The obvious answer, in the abstract, to both the questions posed initially is no. The power of the purse is the greatest power belonging to the legislature in any democratic government, and there is a large presumption against tampering with that power by the other branches of government. The United States Supreme Court, for instance, has, to my knowledge, never struck down a statutory provision of the Internal Revenue Code as unconstitutional.
To understand that deference to the legislature, one must first appreciate how notoriously squishy are abstract terms like equality and fairness. Take a familiar example: the capital gains tax. Israel does not at present tax capital gains on the sales of shares purchased on local exchanges. In some sense, that exemption for capital gains is unequal. Two people with the same gross income for the year may end up paying vastly different amounts of taxes, depending on the source of their income.

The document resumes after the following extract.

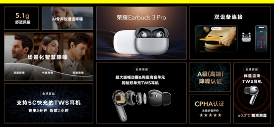 和荣耀Magic4系列一起发布的还有年度音质旗舰耳机荣耀Earbuds 3 Pro。作为荣耀音频布局TWS高端市场的重磅新品,荣耀Earbuds 3 Pro搭载了行业领先的超宽频同轴双单元和场景化智慧降噪等顶级配置,应用了体温AI监测、5C快充等行业创新技术,强势入局TWS耳机头部阵营,为用户带来一款技术创新与综合体验俱佳的年度诚意之作。

Indeed the favorable treatment of capital gains advantages the rich over the poor because the latter have much more money available for speculative investments and earn a much higher percentage of their income from investments, as opposed to the sweat of their brow.

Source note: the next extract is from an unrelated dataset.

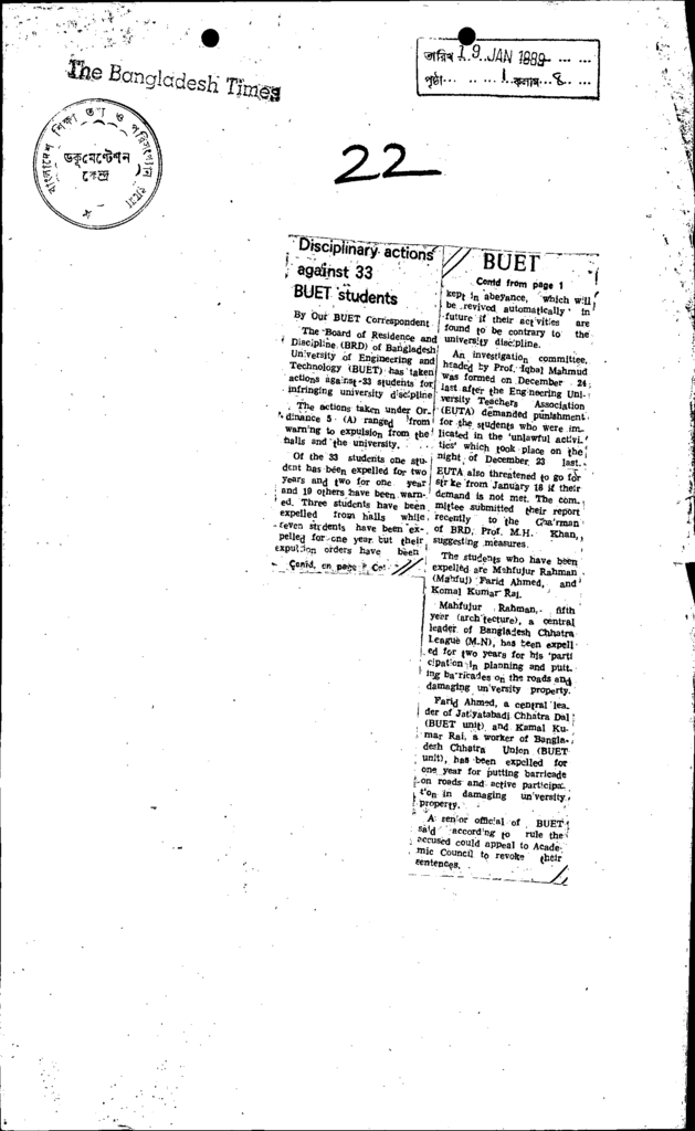 Disciplinary actions agenst 33 buet students Published on Newspaper The Bangladesh Times Category Professional Education Professional Education Engineering Download

Crusaders for tax fairness often argue for a tax code free of distinctions between different types of income and with as few loopholes as possible. But it is unthinkable that the Israeli Supreme Court or any high court in the Western world would judicially strike down favorable treatment of capital gains income.
Courts recognize that such exemptions have many other purposes besides conforming to an abstract standard of fairness. The Israeli capital gains exemption, for instance, boosts the development of local stock exchanges and increase the capital available to local enterprises. Other tax exemptions are designed to encourage businesses to relocate on the periphery or development towns.

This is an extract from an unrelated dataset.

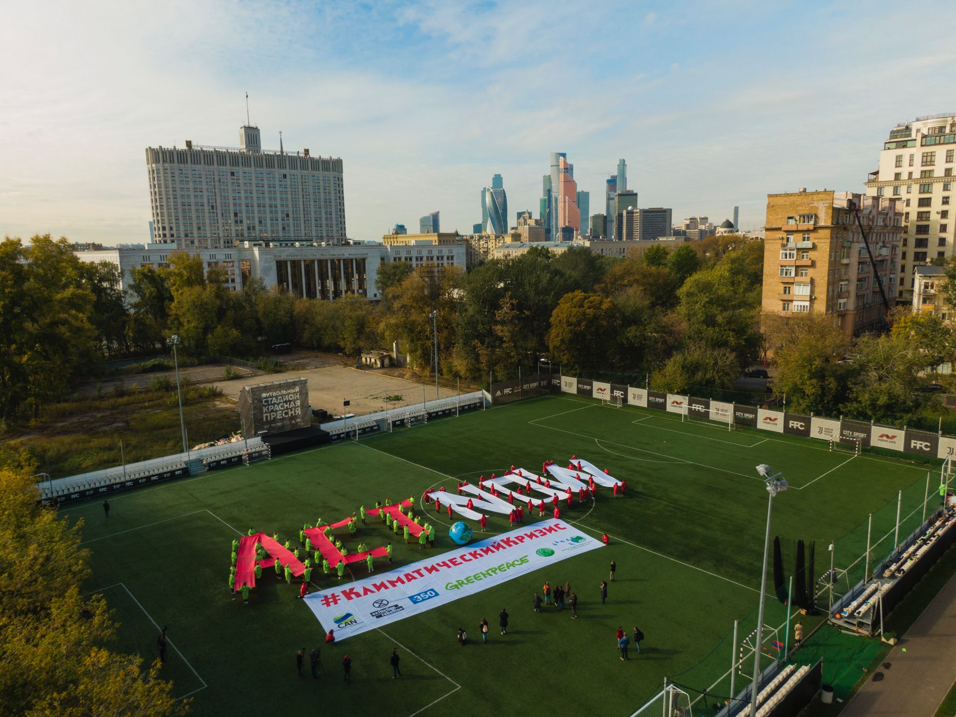 Sergey Firsov / Greenpeace Russia Protesters in 20 Russian cities joined a global strike for climate action on September 27. Most of the Russian strikes built on previous efforts by local activists to organize individual pickets or receive official permits for small group pickets. However, one group of activists met in Moscow’s Krasnaya Presnya soccer stadium to launch a “creative protest action” in front of the White House, the home of the Russian government’s executive branch. The September 27 protests followed Russia’s ratification of the Paris Agreement on climate: Activists have noted that despite the ratification, their government has yet to take meaningful steps toward staving off climate breakdown. The groups demanding that the Russian government “act now” included the country’s national branches of Greenpeace, Fridays for Future, Extinction Rebellion, 350.org, and the Climate Action Network as well as the Russian Social-Ecological Union.

It is possible to adduce policy and economic arguments against such exemptions. And even their proponents will likely concede that such exemptions are a blunderbluss instrument that inevitably benefits many who would have acted the same way even without the incentive and others who do nothing to advance the purposes of the statute. But the proper place for those arguments is in the legislature not the courts, for they turn around fundamental questions of which purposes a society chooses to advance at a particular time.
Or let’s take the argument from the other side. Proponents of flat taxes, like Steven Forbes, argue against progressivity in tax codes – i.e., the principle that the more one earns the greater the tax on each additional dollar -- on both philosophical and economic grounds. They view the redistribution of wealth in a given society as beyond the government’s purview on the grounds that it is unequal or unfair to tax a higher percantage of one person’s income than another’s.
Yet no matter how deeply they believe in this argument -- which coincides almost perfectly with their self-interest – advocates of this view inevitably advance their flat tax in legislatures and not it the courts.
What emerges from the foregoing discussion. First, all tax codes and government outlays are fraught with what can be described as inequities from one perspective or another. Israeli couples in which both spouses work or in which only the wife works, for example, pay far less in taxes than a couple with the same total earnings in which only the husband works. Similarly, there is an element of inequality involved when the government bails out kibbutz debts in the billions but refuses to cover my overdraft in the bank or protects greedy purchasers of bank shares but not investors who thought hi-tech was a bubble that would never burst.
At the same time, it is almost always possible to enunciate some public purpose behind a particular distinction – e.g., encouraging a market for teenage babysitters or providing incentives for women to enter the work force. Citizens will disagree about whether those purposes are indeed worthy of governmental support or justify the distinctions. The place for those disagreements is the legislature.
Finally, two things are rarely equal. Equality is in the eyes of the beholder. Sports facilities are not symphonies; neither are art museums yeshivos.
Subsidies to university students cannot be mechanically compared to those to yeshiva students, for a university and a yeshiva are not the same thing. That is not to say that one is better or worse than the other, or that either is entitled to a certain level of government support, just that they are different.
(While irrelevant to the point I am making, it is worth noting that university students are far more heavily subsidized than are yeshiva students. The actual cost to the university of the education they receive is many times the tuition paid and comes to close to $20,000 per year.)
Chareidi citizens may be infuriated to see their tax dollar subsidize the Batsheva Dance Company to the tune of $15/ticket, and others may be outraged to see their tax dollars support Torah learning. But the first Jewish state in two millenium is entitled to encourage Torah learning, just as it encourages the fine arts. (Even in the United States, in which there is a separation of state and religion, the Supreme Court has upheld property tax exemptions for religious institutions.)
Those who are outraged by government support for dance or yeshiva studies or both should seek redress in the Knesset.
To turn the Court into the arena for resolving these value conflicts, however, is to turn a handful of justices into our masters.